■ **EXERCISE MATERIAL**:
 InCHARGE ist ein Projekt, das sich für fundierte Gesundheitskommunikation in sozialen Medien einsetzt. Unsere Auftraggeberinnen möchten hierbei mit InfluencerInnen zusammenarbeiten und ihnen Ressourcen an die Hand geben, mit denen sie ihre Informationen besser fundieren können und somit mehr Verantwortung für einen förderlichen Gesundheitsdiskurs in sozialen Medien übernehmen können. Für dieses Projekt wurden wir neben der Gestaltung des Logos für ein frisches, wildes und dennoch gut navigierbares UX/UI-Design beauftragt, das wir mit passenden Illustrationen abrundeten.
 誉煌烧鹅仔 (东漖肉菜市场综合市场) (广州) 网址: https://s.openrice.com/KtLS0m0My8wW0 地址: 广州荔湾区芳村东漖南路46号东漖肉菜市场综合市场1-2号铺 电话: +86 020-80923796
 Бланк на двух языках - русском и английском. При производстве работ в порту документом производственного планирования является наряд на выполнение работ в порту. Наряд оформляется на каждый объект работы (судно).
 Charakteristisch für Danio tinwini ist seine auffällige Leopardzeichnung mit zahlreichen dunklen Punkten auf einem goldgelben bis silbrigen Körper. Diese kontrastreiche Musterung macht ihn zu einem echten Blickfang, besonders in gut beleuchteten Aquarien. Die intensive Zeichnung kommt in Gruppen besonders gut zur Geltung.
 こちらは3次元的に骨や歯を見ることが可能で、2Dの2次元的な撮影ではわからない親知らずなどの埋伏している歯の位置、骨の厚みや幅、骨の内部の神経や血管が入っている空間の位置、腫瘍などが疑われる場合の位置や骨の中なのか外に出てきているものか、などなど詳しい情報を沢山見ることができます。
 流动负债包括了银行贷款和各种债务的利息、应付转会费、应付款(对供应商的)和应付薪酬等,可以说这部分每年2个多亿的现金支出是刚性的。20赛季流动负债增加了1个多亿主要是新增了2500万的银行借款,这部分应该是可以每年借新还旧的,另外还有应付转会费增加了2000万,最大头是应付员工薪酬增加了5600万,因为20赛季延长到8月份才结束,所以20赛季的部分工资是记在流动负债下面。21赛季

■ **WORK INSTRUCTIONS**:
Start at the line with "誉煌烧鹅仔 (东漖肉菜市场综合市场) (广州)" and stop at the end of the records. Write those lines out exactly and add nothing.

■ **OUTPUT OF THE TASK**:
 誉煌烧鹅仔 (东漖肉菜市场综合市场) (广州) 网址: https://s.openrice.com/KtLS0m0My8wW0 地址: 广州荔湾区芳村东漖南路46号东漖肉菜市场综合市场1-2号铺 电话: +86 020-80923796
 Бланк на двух языках - русском и английском. При производстве работ в порту документом производственного планирования является наряд на выполнение работ в порту. Наряд оформляется на каждый объект работы (судно).
 Charakteristisch für Danio tinwini ist seine auffällige Leopardzeichnung mit zahlreichen dunklen Punkten auf einem goldgelben bis silbrigen Körper. Diese kontrastreiche Musterung macht ihn zu einem echten Blickfang, besonders in gut beleuchteten Aquarien. Die intensive Zeichnung kommt in Gruppen besonders gut zur Geltung.
 こちらは3次元的に骨や歯を見ることが可能で、2Dの2次元的な撮影ではわからない親知らずなどの埋伏している歯の位置、骨の厚みや幅、骨の内部の神経や血管が入っている空間の位置、腫瘍などが疑われる場合の位置や骨の中なのか外に出てきているものか、などなど詳しい情報を沢山見ることができます。
 流动负债包括了银行贷款和各种债务的利息、应付转会费、应付款(对供应商的)和应付薪酬等,可以说这部分每年2个多亿的现金支出是刚性的。20赛季流动负债增加了1个多亿主要是新增了2500万的银行借款,这部分应该是可以每年借新还旧的,另外还有应付转会费增加了2000万,最大头是应付员工薪酬增加了5600万,因为20赛季延长到8月份才结束,所以20赛季的部分工资是记在流动负债下面。21赛季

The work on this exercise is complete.